Pemprov Sumbar Minta Daerah Segera Sesuaikan Kelembagaan BPBD sesuai Permendagri Baru

Sebarkan artikel ini
Plh Asisten Administrasi Umum Setdaprov Sumbar, Dina Febrianti, saat membuka Rapat Koordinasi Penguatan Kelembagaan BPBD Kabupaten/Kota se-Sumbar Tahun 2026 di Aula Kantor Gubernur Sumbar, Kamis (18/6/2026). Ist

PADANG — Pemerintah Provinsi Sumatera Barat mendorong seluruh pemerintah kabupaten dan kota segera melakukan penyesuaian kelembagaan Badan Penanggulangan Bencana Daerah (BPBD) setelah terbitnya Permendagri Nomor 18 Tahun 2025. Langkah tersebut dinilai penting untuk memperkuat kapasitas daerah menghadapi tingginya risiko bencana di Sumbar.

Pesan itu disampaikan Sekretaris Daerah Sumbar Arry Yuswandi yang diwakili Plh Asisten Administrasi Umum Setdaprov Sumbar, Dina Febrianti, saat membuka Rapat Koordinasi Penguatan Kelembagaan BPBD Kabupaten/Kota se-Sumbar Tahun 2026 di Aula Kantor Gubernur Sumbar, Kamis (18/6/2026).

Dina menyebut Sumbar merupakan salah satu daerah dengan tingkat kerawanan bencana yang tinggi. Kondisi geografis dan geologis daerah menghadirkan ancaman gempa bumi, tsunami, letusan gunung api, tanah longsor, banjir, hingga cuaca ekstrem yang harus diantisipasi secara serius dan berkelanjutan.

“Karena itu, keberadaan lembaga penanggulangan bencana yang kuat, responsif, dan akuntabel bukan lagi sekadar pelengkap organisasi, melainkan kebutuhan utama untuk melindungi masyarakat,” ujarnya.

Menurutnya, terbitnya Permendagri Nomor 18 Tahun 2025 tentang Pedoman Pembentukan, Organisasi, dan Tata Kerja BPBD menjadi momentum penting untuk memperkuat tata kelola kebencanaan di daerah. Regulasi tersebut membawa sejumlah perubahan mendasar yang perlu segera ditindaklanjuti pemerintah daerah.

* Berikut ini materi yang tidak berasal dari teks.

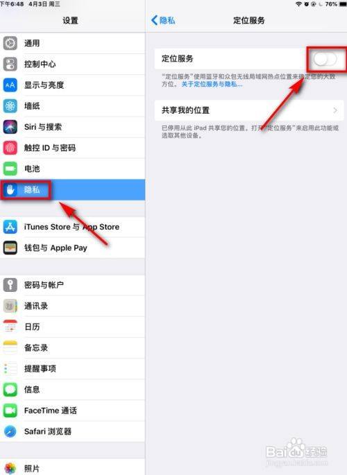 左侧栏点击隐私,右侧栏找到定位服务旁边的按钮,点击打开定位服务。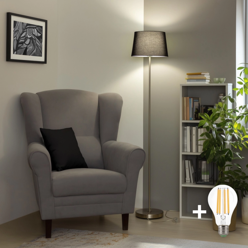 Brilagi - LED-golvlampa CERIA 1xE27/40W/230V Ø 30 cm svart/matt krom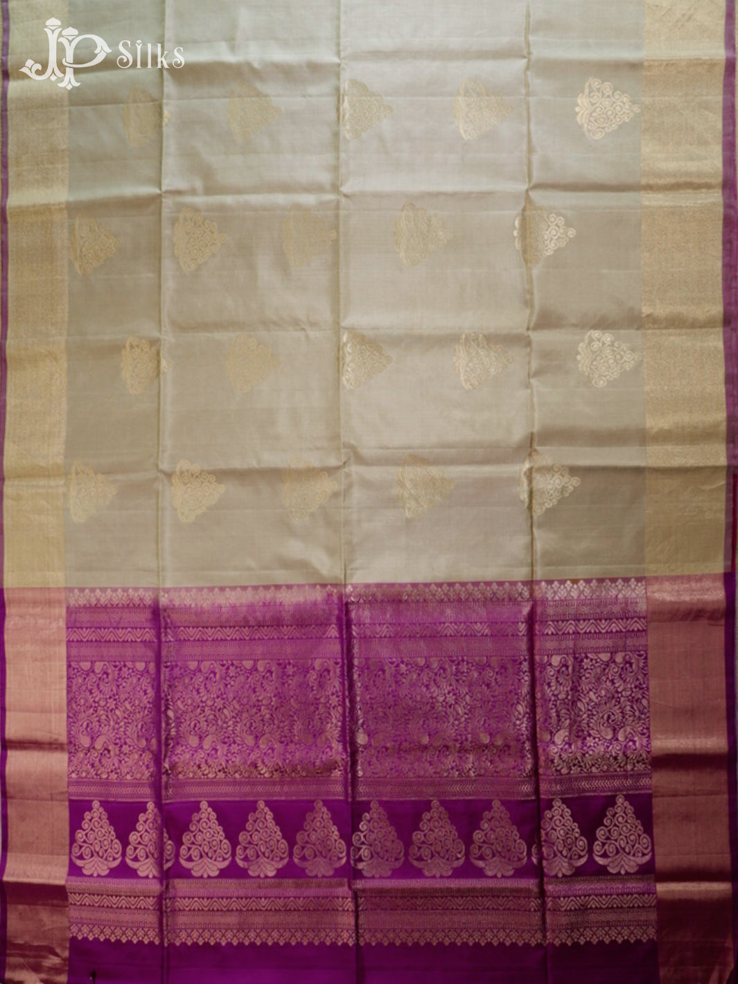 Matte Beige & Purple Soft Silk Saree - E5086-view1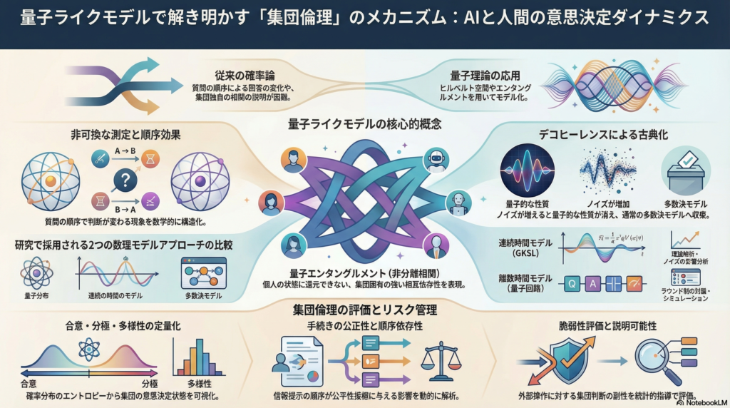 AIシステムが社会的意思決定に関与する場面が増える中、「複数のエージェントが互いに影響し合うとき、集団としての倫理判断はどのように形成されるのか」という問いへの関心が高まっています。古典的な確率論やゲーム理論だけでは説明しにくい現象——たとえば質問の順序によって回答分布が変わる「順序効果」や、個人の判断の単純な集計では再現できない集団行動——を統一的に扱うための枠組みとして、量子理論の数学的構造を応用した「量子ライクモデル」が注目を集めています。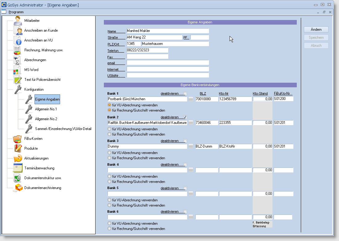 Mit Hilfe des GoSys Administrator's werden alle für die System-Konfiguration benötigte Daten erfasst und verwaltet. |

Baca Juga:  Mahyeldi Serahkan Sapi Qurban untuk Warga Solok

Salah satu perubahan utama ialah pergeseran paradigma penanggulangan bencana dari pendekatan reaktif menjadi lebih proaktif dan preventif. Pembentukan BPBD kabupaten dan kota yang sebelumnya bersifat opsional kini menjadi kewajiban.

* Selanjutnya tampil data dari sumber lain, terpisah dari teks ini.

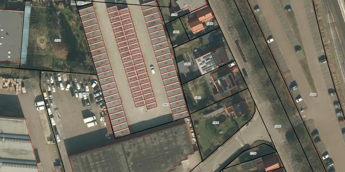 Het perceel waarop het adres ligt is CUI00-B-2663. De afkorting 'CUI00' staat voor kadastrale gemeente Cuijk. Het perceel is kleiner dan gemiddeld in Cuijk. Het perceel is 3433 m² groot, terwijl het gemiddelde ligt op 3869,84 m². Het grootste perceel in de kadastrale gemeente is 72,5 ha. Het kleinste perceel heeft een oppervlakte van 0 m². Op het perceel liggen in totaal 121 adressen. De huidige grenzen van het perceel zijn digitaal in de Basisregistratie Kadaster (BRK) geregistreerd op 16-10-2006.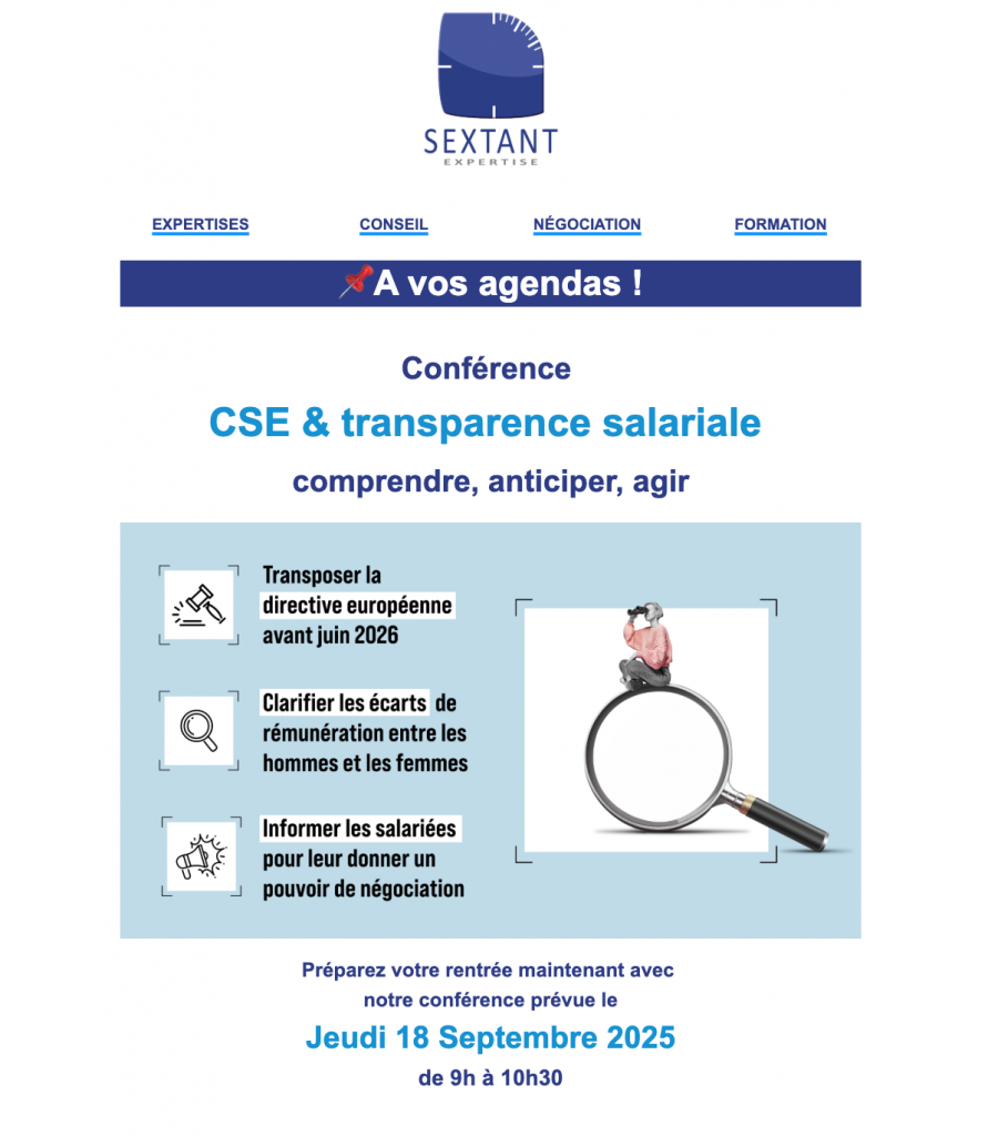Jeudi 18 Septembre 2025 de 9h00 à 10h30 : conférence CSE & transparence salariale : comprendre, anticiper, agir !Par Snepl-CFTC / 17 juillet 2025 Programme & inscription obligatoire (ici) ! FacebookShare on XLinkedInWhatsAppEmailCopy LinkPrint

Regulasi baru itu juga memperkuat status kelembagaan BPBD melalui penempatan Kepala BPBD definitif sebagai kepala organisasi perangkat daerah. Sebelumnya, pimpinan BPBD hanya berstatus sebagai kepala pelaksana.

Perubahan lainnya mencakup penerapan tipologi BPBD berdasarkan tingkat risiko bencana, luas wilayah, jumlah penduduk, serta kemampuan fiskal daerah. Struktur organisasi BPBD nantinya dibedakan menjadi tipe A, B, dan C agar lebih sesuai dengan kebutuhan masing-masing daerah.

Pemerintah Provinsi Sumbar juga mengapresiasi langkah cepat Biro Organisasi bersama Bagian Organisasi kabupaten dan kota yang telah menyusun panduan penataan struktur organisasi, tugas dan fungsi, serta mekanisme koordinasi BPBD di daerah.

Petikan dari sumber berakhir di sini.